Kaj_Sotala comments on The Preference Fulfillment Hypothesis

Kaj_Sotala 6 Mar 2023 13:06 UTC
LW: 3 AF: 2
0
AF
I don’t know how you would describe “true niceness”, but I think it’s neither of the above.
Agreed. I think “true niceness” is something like, act to maximize people’s preferences, while also taking into account the fact that people often have a preference for their preferences to continue evolving and to resolve any of their preferences that are mutually contradictory in a painful way.
Niceness is natural for agents of similar strengths because lots of values point towards the same “nice” behavior. But when you’re much more powerful than anyone else, the target becomes much smaller, right?

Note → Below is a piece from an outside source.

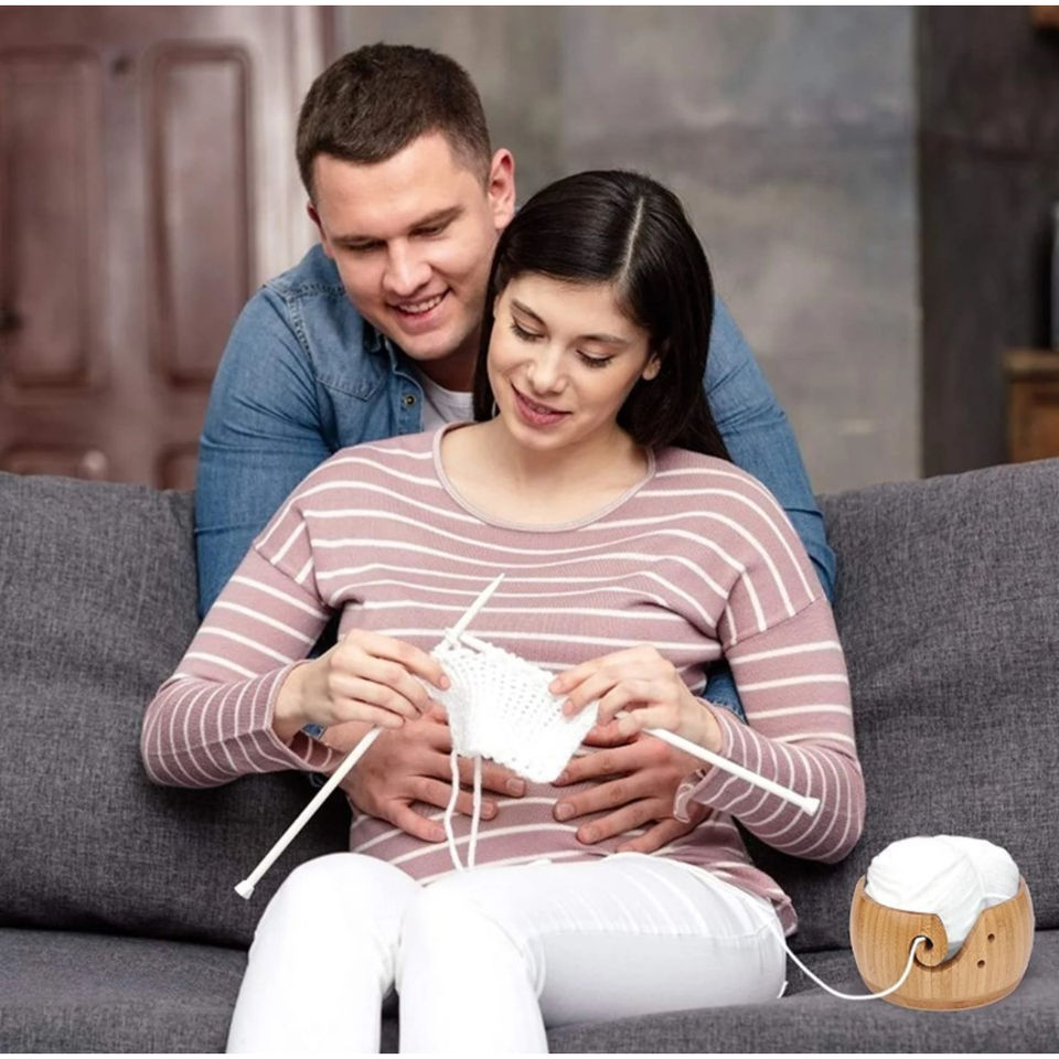 India Handicraft Handmade Wooden Yarn Bowl Yarn Holder Knitting Wool Yarn Ball Bowl with Natural Wood Sewing and Needle

Depends on the specifics, I think.
As an intuition pump, imagine the kindest, wisest person that you know. Suppose that that person was somehow boosted into a superintelligence and became the most powerful entity in the world.
Now, it’s certainly possible that for any human, it’s inevitable for evolutionary drives optimized for exploiting power to kick in at that situation and corrupt them… but let’s further suppose that the process of turning them into a superintelligence also somehow removed those, and made the person instead experience a permanent state of love towards everybody.
I think it’s at least plausible that the person would then continue to exhibit “true niceness” towards everyone, despite being that much more powerful than anyone else.
So at least if the agent had started out at a similar power level as everyone else—or if it at least simulates the kinds of agents that did—it might retain that motivation when boosted to higher level of power.
Do you have reasons to expect “slight RL on niceness” to give you “true niceness” as opposed to a kind of pseudo-niceness?
I don’t have a strong reason to expect that it’d happen automatically, but if people are thinking about the best ways to actually make the AI have “true niceness”, then possibly! That’s my hope, at least.
I would be scared of an AI which has been trained to be nice if there was no way to see if, when it got more powerful, it tried to modify people’s preferences / it tried to prevent people’s preferences from changing.
Me too!